Depends upon the snow "texture". If it's extra light (cold...dry), it's not as easy. Same goes for the very heavy wet stuff. When the ambient temps are 20ºF to about 28ºF, I "accidentally" pile it up at the foot of my neighbor's driveway across the street.


----------



## cuz (Mar 19, 2018)

PixMan said:


> I have suggestions but I'm in central Mass so that's where the dealers I know and have experience with are located. I (still) do not know where you are.




Sorry, I’m in the Fall River area.


----------



## rslifkin (Mar 5, 2018)

It's just about purchase time for me as well. Looks like if I do it soon I'll be able to finance it for 0% for 3 years, at which point I don't mind the extra $$$ for the Pro over the Platinum 30 SHO. Now the question is just Pro 28 vs Pro 32. I'm thinking the 28 might make more sense at this point. It's a little cheaper and not quite as wide to fit in the garage. 
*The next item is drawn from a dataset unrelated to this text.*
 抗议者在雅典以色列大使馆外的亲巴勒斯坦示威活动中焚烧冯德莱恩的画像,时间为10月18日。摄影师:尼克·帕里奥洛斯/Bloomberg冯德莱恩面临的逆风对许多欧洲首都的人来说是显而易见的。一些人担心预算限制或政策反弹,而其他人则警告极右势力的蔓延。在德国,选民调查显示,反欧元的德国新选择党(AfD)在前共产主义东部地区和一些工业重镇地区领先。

So in this situation, which would you pick? 28 or 32?


----------



## PixMan (Feb 14, 2015)

rslifkin said:


> It's just about purchase time for me as well. Looks like if I do it soon I'll be able to finance it for 0% for 3 years, at which point I don't mind the extra $$$ for the Pro over the Platinum 30 SHO. Now the question is just Pro 28 vs Pro 32. I'm thinking the 28 might make more sense at this point. It's a little cheaper and not quite as wide to fit in the garage.
> 
> So in this situation, which would you pick? 28 or 32?
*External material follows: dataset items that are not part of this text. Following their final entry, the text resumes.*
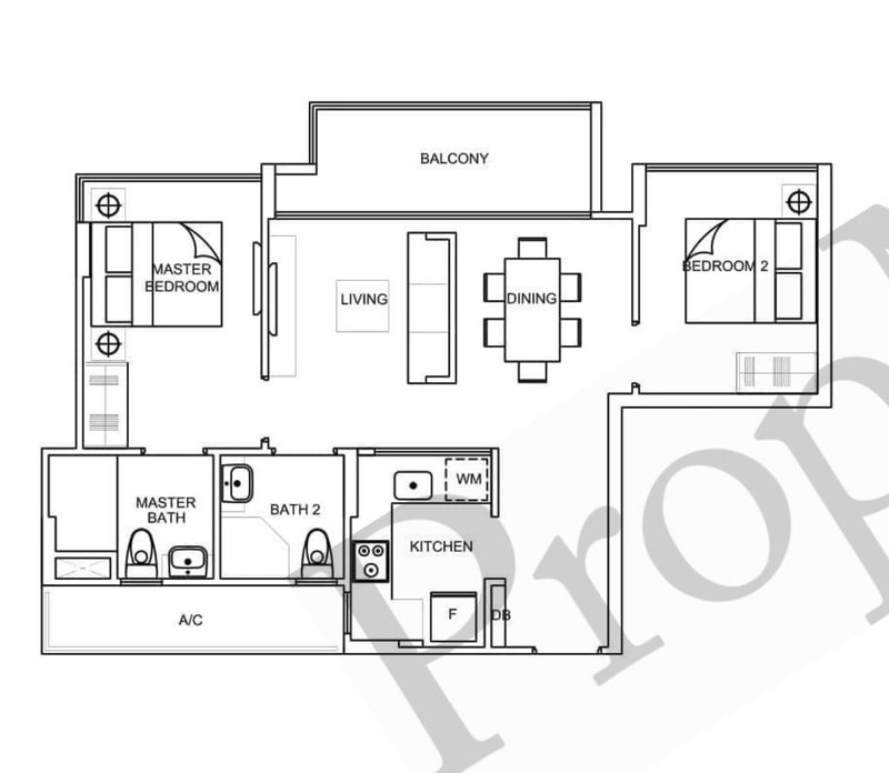 The unit is the biggest 2 bed 2 bath in the vicinity, with Horizontal Living hall, which allows more sun light and better ventilation.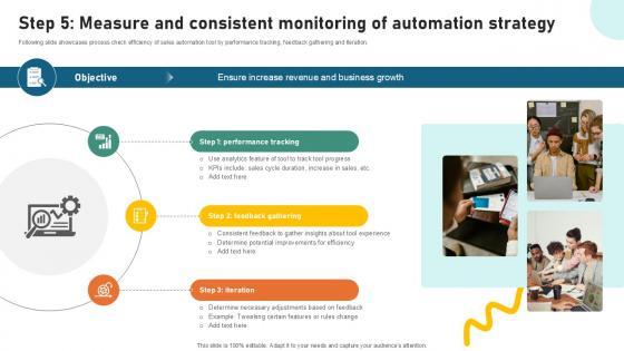 Following slide showcases process check efficiency of sales automation tool by performance tracking, feedback gathering and iteration. Are you searching for a Step 5 Measure And Consistent Sample Pitch Deck For Video Ppt Template that is uncluttered, straightforward, and original Its easy to edit, and you can change the colors to suit your personal or business branding. For a presentation that expresses how much effort you have put in, this template is ideal With all of its features, including tables, diagrams, statistics, and lists, its perfect for a business plan presentation. Make your ideas more appealing with these professional slides. Download Step 5 Measure And Consistent Sample Pitch Deck For Video Ppt Template from Slidegeeks today.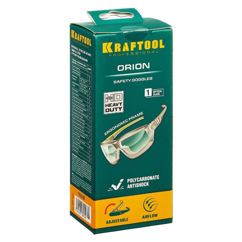 Kraftool Orion — профессиональные защитные очки открытого типа из серии must-have для мастеров и профессионалов! Очки выполнены из ударопрочного стекла с надежным антибликовым покрытием. Прозрачная конструкция обеспечивает широкий угол обзора без искажений. Система непрямой вентиляции предотвращает запотевание, а эргономичный дизайн гарантирует комфорт даже при длительной работе. Изящно смотрятся, надежно защищают! Ваш взор будет под надёжной охраной!

I would definitely go with the 28 unless you have huge swaths of area to clear. They have the same motor, so in the slightly smaller width it should be able to toss just a little further. That can be fun when you have a street to get it over, or a neighbor that you're "not too fond of." (I have both situations.)


----------



## rslifkin (Mar 5, 2018)

Decision is made! I've got a Pro 28 being delivered on Tuesday.


----------



## Cardo111 (Feb 16, 2015)

Didn’t see/read that you made your decision before I wrote this. You made a good choice. 
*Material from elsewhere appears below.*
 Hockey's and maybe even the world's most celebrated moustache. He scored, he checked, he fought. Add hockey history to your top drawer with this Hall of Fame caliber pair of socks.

As others have mentioned, for your area and needs hands down the Pro28. The advantages of the Pro over the Platinum 30: 16 inch auger rakes, boron steel heavy duty skid shoes & shave plate, braced auger housing/bucket, taller auger housing, heavy duty handles, 420 cc Briggs engine with a fuel tank that actually matches the engine size properly. Money well spent upgrading in this case, It’s like comparing a Deluxe 28 ($1099.USD) From the Big Box stores to the independent dealer only Deluxe 28 SHO ($1249.) the extra $100 (sorry now an extra $150. Ariens must have read all my posts regarding for only a $100. More and just raised the price..lol) is money very well spent, same here. Sorry to get off topic a bit, best of luck with your new machine and please let us know what you think of it once you put it to use.


----------



## rslifkin (Mar 5, 2018)

I'll definitely post some thoughts once I've had a chance to use the thing. Of course, I'm kinda hoping that buying it means we just won't get any snow this year...


----------



## 1132le (Feb 23, 2017)

rslifkin said:


> I'll definitely post some thoughts once I've had a chance to use the thing. Of course, I'm kinda hoping that buying it means we just won't get any snow this year...



add and impeller kit
check engine rpm to make sure its set right many are not
those 2 things and that beast will eat anything


----------



## rslifkin (Mar 5, 2018)

1132le said:


> add and impeller kit
> check engine rpm to make sure its set right many are not
> those 2 things and that beast will eat anything



Already have a tach / hour meter on the way for it, so RPM will definitely be checked when I put it all together and fire it up. How much benefit will an impeller kit really provide on the pro machine?


----------



## 1132le (Feb 23, 2017)

rslifkin said:


> Already have a tach / hour meter on the way for it, so RPM will definitely be checked when I put it all together and fire it up. How much benefit will an impeller kit really provide on the pro machine?



night and day
my 28 inch deluxe has the 1 yr only 414cc 20 ft lbs engine 

added and impeller kit 

it will out eat any stock ariens blower that doesnt have one and looks like a fire hose when its water pro or not wont clear water to slush well

the impeller kit is huge you go through slush and water like powder

of course a 36 inch takes a bigger cut but you get the point


----------



## rslifkin (Mar 5, 2018)

The beast arrived today. Got it all put together and test fired it. Now I just have to mount the tach and check the governor adjustment, then it should be ready to go!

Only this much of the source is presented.